> _Data extract_:

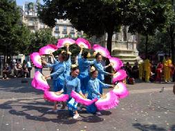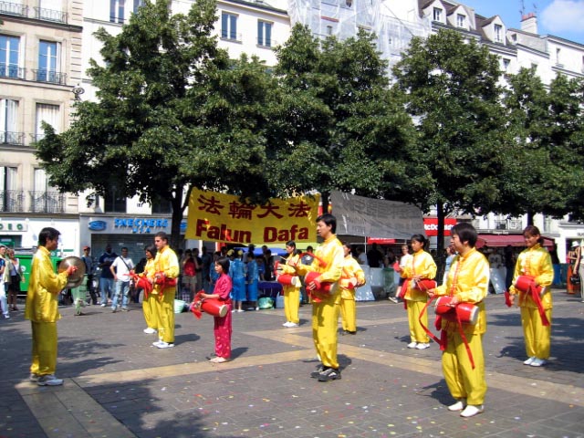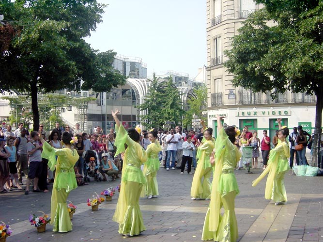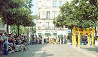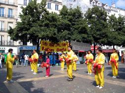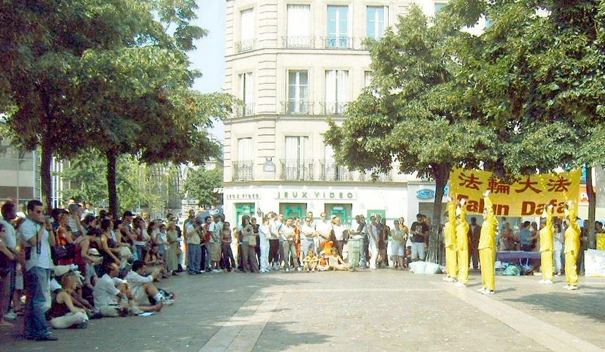法轮大法的横幅高高的悬挂在法国梧桐树之间,介绍大法在世界各地洪传及法轮大法弟子遭受中共邪党残酷迫害的展板陈列在广场的一边,信息台上放满了十几种语言的法轮功简介资料。一部份法轮功学员向观众表演上了优美舒缓的功法、飘飘欲仙的天女散花舞、威武的腰鼓及具有浓郁中国传统风格的扇子舞。同时,另一部份法轮功学员派发传单并解答观众的疑问。
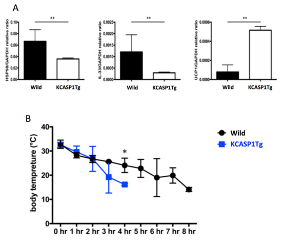 HSP90, IL-33 and UCP-1 are deeply involved in thermogenesis in adipocytes, and their expression is increased by cold exposure or adrenergic stimulation. We investigated the heat production upon cold exposure challenge and the expression of these thermogenic genes. After 4 °C cold exposure, the mRNA expression of HSP90, IL-33 and UCP1 in adipocytes was quantified using real time-PCR. The mRNA expression of HSP90 and IL-33 was significantly decreased in KCASP1Tg mice (Figure 4A). Although the mRNA expression of UCP1 was significantly increased in KCASP1Tg mice (Figure 4A), the body temperature decreased more rapidly upon exposure to the cold environment, and the KCASP1Tg mice could not survive for a long time (Figure 4B).
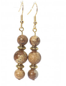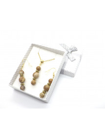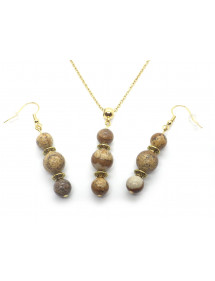 Schmuckset mit Halskette und Ohrringen aus goldfarbenem Edelstahl im schicken Stil in braunem Jaspis
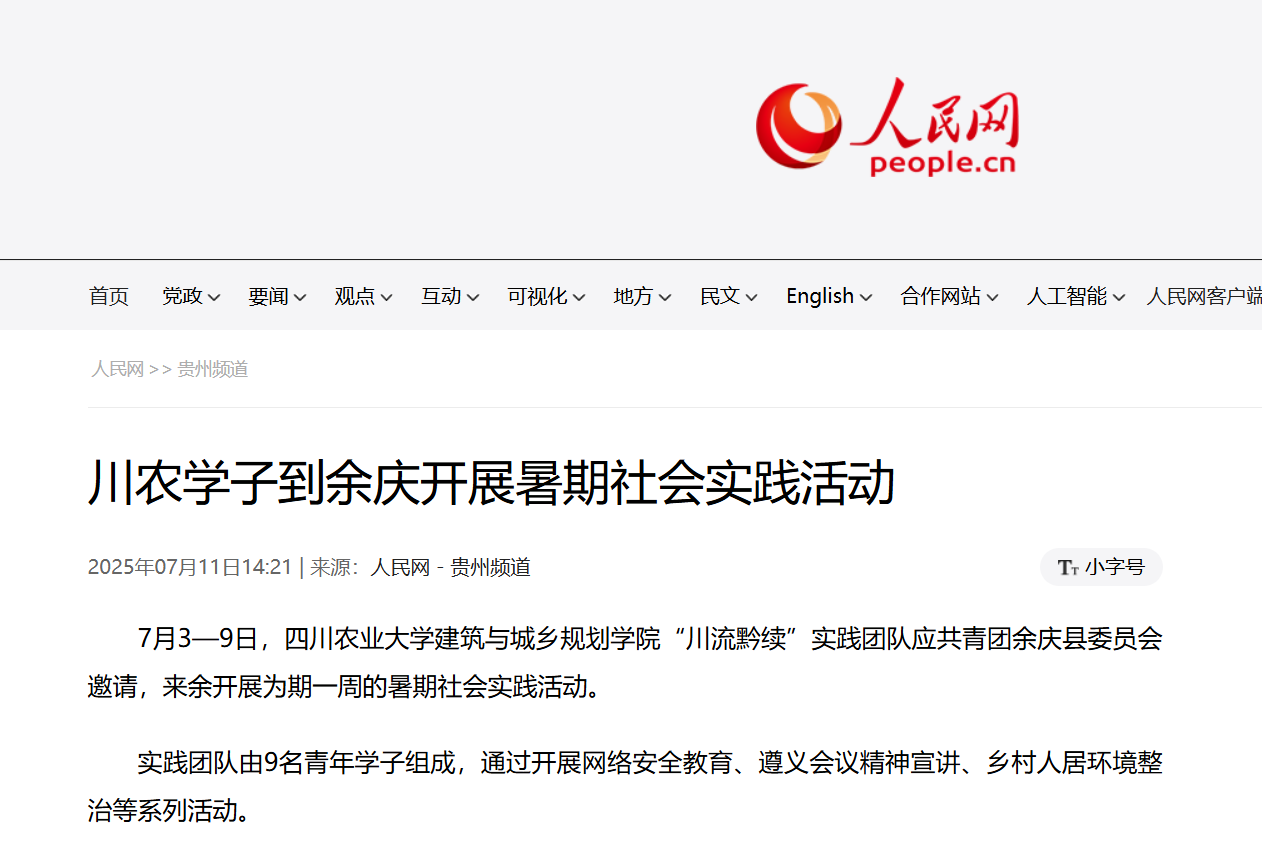 7月3—9日,太阳集团tyc86建筑与城乡规划学院“川流黔续”实践团队应共青团余庆县委员会邀请,来余开展为期一周的暑期社会实践活动。

> _Your instructions_: Output nothing but an exact retyping of the material, pictures excluded.

> _Solution for this task_:
法轮大法的横幅高高的悬挂在法国梧桐树之间,介绍大法在世界各地洪传及法轮大法弟子遭受中共邪党残酷迫害的展板陈列在广场的一边,信息台上放满了十几种语言的法轮功简介资料。一部份法轮功学员向观众表演上了优美舒缓的功法、飘飘欲仙的天女散花舞、威武的腰鼓及具有浓郁中国传统风格的扇子舞。同时,另一部份法轮功学员派发传单并解答观众的疑问。
 HSP90, IL-33 and UCP-1 are deeply involved in thermogenesis in adipocytes, and their expression is increased by cold exposure or adrenergic stimulation. We investigated the heat production upon cold exposure challenge and the expression of these thermogenic genes. After 4 °C cold exposure, the mRNA expression of HSP90, IL-33 and UCP1 in adipocytes was quantified using real time-PCR. The mRNA expression of HSP90 and IL-33 was significantly decreased in KCASP1Tg mice (Figure 4A). Although the mRNA expression of UCP1 was significantly increased in KCASP1Tg mice (Figure 4A), the body temperature decreased more rapidly upon exposure to the cold environment, and the KCASP1Tg mice could not survive for a long time (Figure 4B).
 Schmuckset mit Halskette und Ohrringen aus goldfarbenem Edelstahl im schicken Stil in braunem Jaspis
 7月3—9日,太阳集团tyc86建筑与城乡规划学院“川流黔续”实践团队应共青团余庆县委员会邀请,来余开展为期一周的暑期社会实践活动。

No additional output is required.